USA TODAY High School Sports has a weekly column on the recruiting process. This isn’t about where just the top five-star athletes are headed but rather a guide to the process and the pitfalls for student-athletes nationwide from Playced.com. This week’s article is written by Ross Hawley, the president of the company. Playced.com is an industry leader in college recruiting. Their technology-based recruiting service identifies the right colleges for potential recruits to pursue and provides a recruiting system that is second to none for student-athletes of all talent levels and ages.
May was an awesome month for our coach interviews. 3 conversations, 3 national champions! From what red flags a coach pays attention to when watching a player, to advice on picking the right school, we covered a lot of what college coaches are looking for and what they expect during the recruiting process. Here are some of the highlights from the last month.
-Gary Goff, Valdosta State Football (NCAA Division II)
Q: Give me an example of a red flag you notice when recruiting a young man.
A: I want to see a young man look me in the eye when I’m speaking to him. Is he genuine? Does he seem interested in what we’re talking about? I try to pick up on the respect levels they show their parents or grandparents when they’re on a visit. You know, moms usually do a great job of asking the questions that matter! How does he react to his mom and her genuine concerns for her son? If he’s telling her to stop asking questions and disregarding what she has to say, that’s a major red flag.
Q: What is something about the recruiting process you would want families to know?
A: I think families need to understand that at the NCAA Division II level, we’re on a limited recruiting budget. For example, we just won the National Championship in Texas, but we’re not on the ground recruiting in Texas! That’s just how it is. So, if you want us to know who you are, you need to figure out a way to get in front of us. That starts with film. And with how easy Hudl makes it to get film out, that’s probably the easiest way to do it. Send us an email and let us know you’re interested. I can promise you this: if you can play, we will be replying to your email. And once we start that communication process, we’ll figure out together what the next steps need to be.
-Ben McCollum, Northwest Missouri State Men’s Basketball (NCAA Division II)
Q: How can a recruit get on your radar?
A: If you’re wanting to get on our radar, make it personal. Reach out to us, as an individual. That makes things so much easier for us in understanding who we’re dealing with. Practically speaking, let us know why you’re interested and send your game film, stats and other information.
But it boils down to that personalized touch.
If you’re doing your homework on figuring out the level that is right for you, it’s simply making the effort to introduce yourself. After that, it’s pretty easy to get a feel whether a program is interested in you or not.
Q: What advice do you have for recruit deciding on which school to pick?
A: Pick the school, that if you didn’t play a second, you would still be happy. You would be happy with your teammates. You would be happy with the coaches and you would be happy with the institution. Trust your gut and pay attention to what the coaches are actually saying when they’re recruiting you.

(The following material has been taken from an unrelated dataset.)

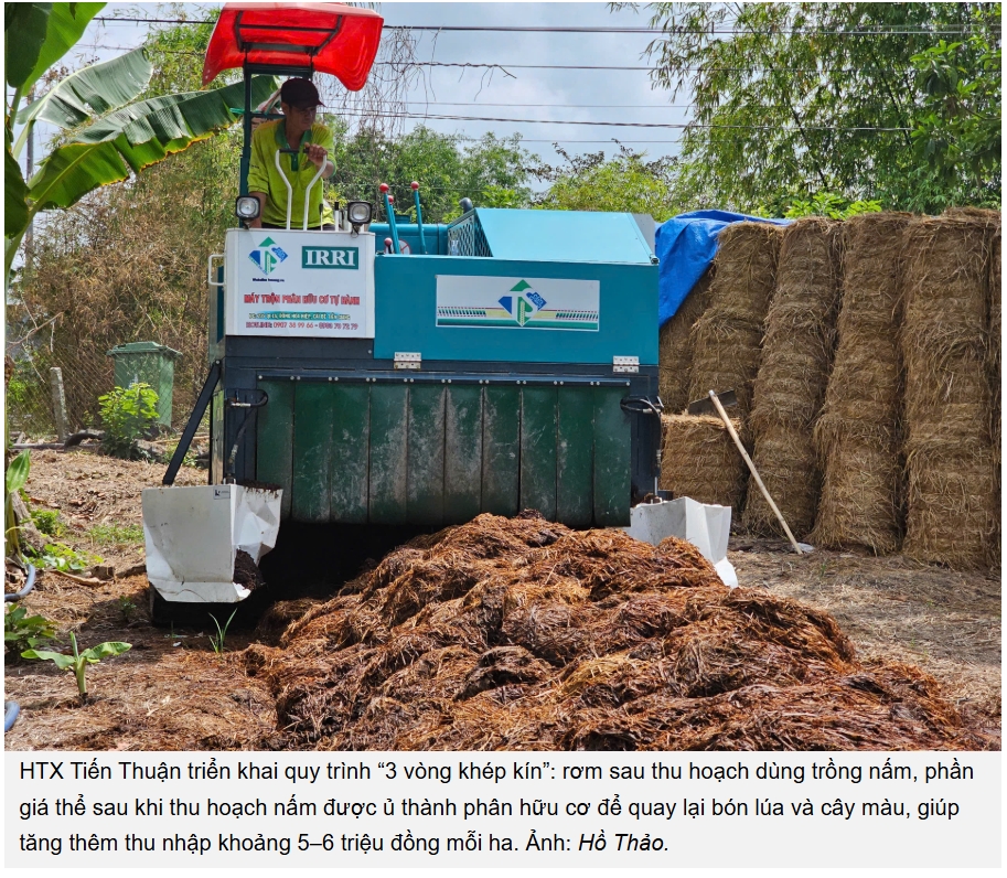 Trên thực tế, mô hình nông nghiệp tuần hoàn từ rơm rạ đã được áp dụng thành công tại nhiều nơi. Điển hình, tại Cần Thơ, HTX Tiến Thuận triển khai quy trình “3 vòng khép kín”: rơm sau thu hoạch dùng trồng nấm, phần giá thể sau khi thu hoạch nấm được ủ thành phân hữu cơ để quay lại bón lúa và cây màu.

For example, if a coach is telling you how much you’re going to play, they’re lying. We don’t know how a kid is going to fit in with our program until he is actually on our campus and playing for us.
Be careful with how much emotion you let into this process. And, do the best you can to commit to a school where you’re all in, regardless of your playing situation.
Steve Ryan, Morningside College Football (NAIA)
Q: Talk about how unique the college recruiting process is for each athlete.
A: Everybody wants something different. The reason why you want to be in a program, isn’t the same reason the next person wants to be in that same program. The experience you want isn’t going to be the same experience the other recruit wants. Maybe you want to do whatever it takes to get to the professional level, and the next guy just wants to enjoy the competition at the college level, focus on his degree and make lifelong friends. Whatever the circumstances might be, the college experiences are going to be different. Therefore, you’ve got to focus on your circumstances during the recruiting process. What is it that you’re trying to accomplish? What do you want your experience to be? You can’t get caught up in trying to be like everyone else while you’re being recruited, because you won’t be like everyone else once you’re on campus.
Q: Are there any major red flags you pay attention to in the recruiting process?
A: Probably one of the worst things we can hear from a recruit is that he’s going to go with the best offer. We will pull off recruiting a guy if we hear that or get the sense that his decision is going to be based solely on a dollar amount. For example, if a kid in Texas tells me he wants to come up to Iowa because Morningside is $1,000 less than a school in Texas, that’s a major red flag. So, you’re going to drive back and forth 600 miles over a $1,000 difference? It will take that kid two weeks to realize that the decision he made wasn’t worth $1,000. My point is this: making a college decision based solely on a dollar value is a bad idea. If we have to buy you as a program, you’re never going to be happy here. The best teams aren’t buying kids.